Eustace Tilley, wearing a top-hat, holds up a monocle to look at a butterfly. He seems only marginally interested, as if he were maintaining a necessary critical distance.

Eustace Tilley was born in 1925, but since he doesn't exist, he wasn't born in 1925. He was created to represent The New Yorker magazine's image of au courant sophistication, but looks like a flat pompous idiot from another century. Over the years, hundreds of people have drawn his portrait, and he hasn't looked the same twice. By having too many faces, he has become faceless.

This is an exhibition that's not about portraiture. It's a show of withdrawn or missing faces-faces that appear where they shouldn't, and don't where they should.
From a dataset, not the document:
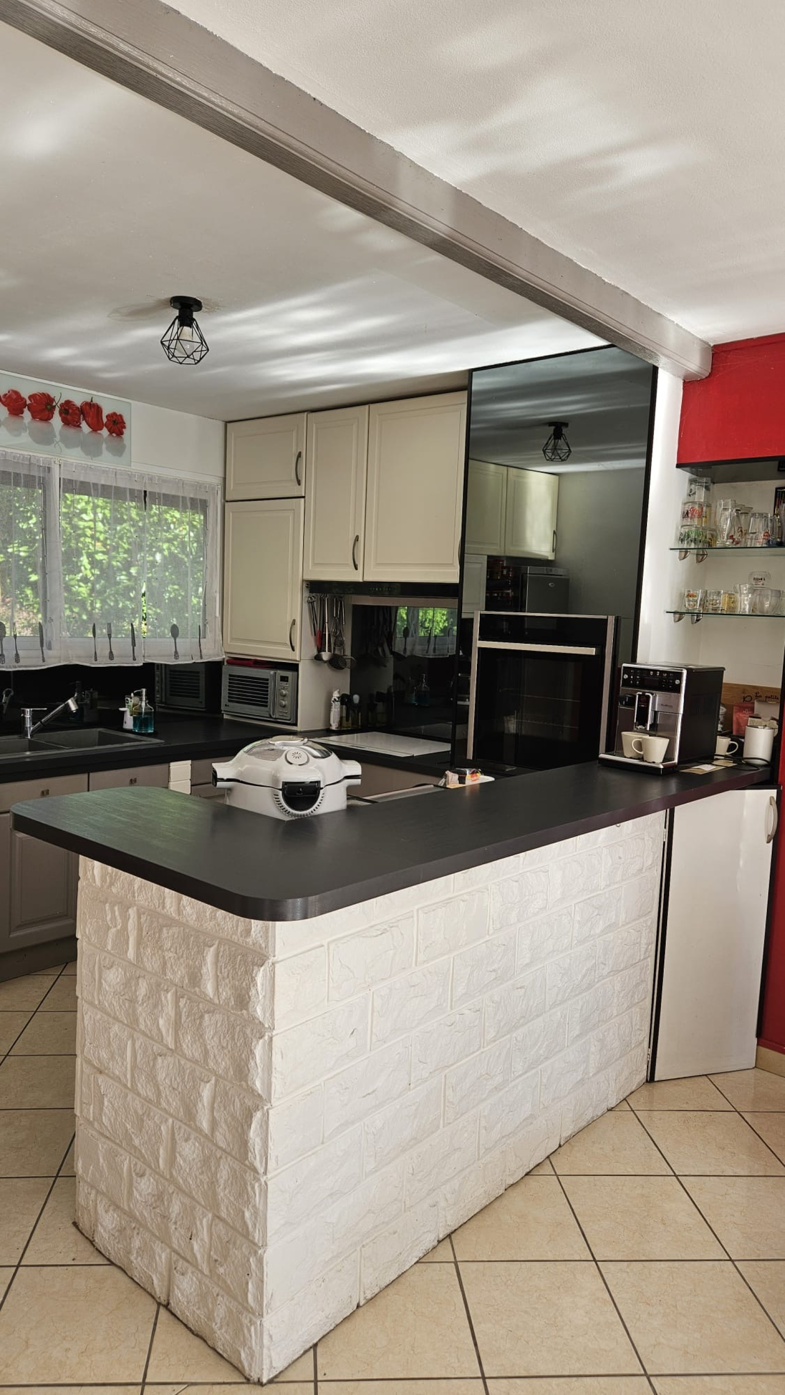 D’une cuisine ouverte, fonctionnelle et aménagée.

A top-hat, a monocle, and a butterfly describes everything about Eustace Tilley except his face.

With works by Nairy Baghramian, Judith Bernstein, Sascha Braunig, Jana Euler,
Isa Genzken, Judith Hopf, Dorota Juraczak, Nicola L., Louise Lawler, Eustace Tilley, Rosemarie Trockel, and Amelie von Wulffen.

An Exhibition by Anthony Huberman, New York.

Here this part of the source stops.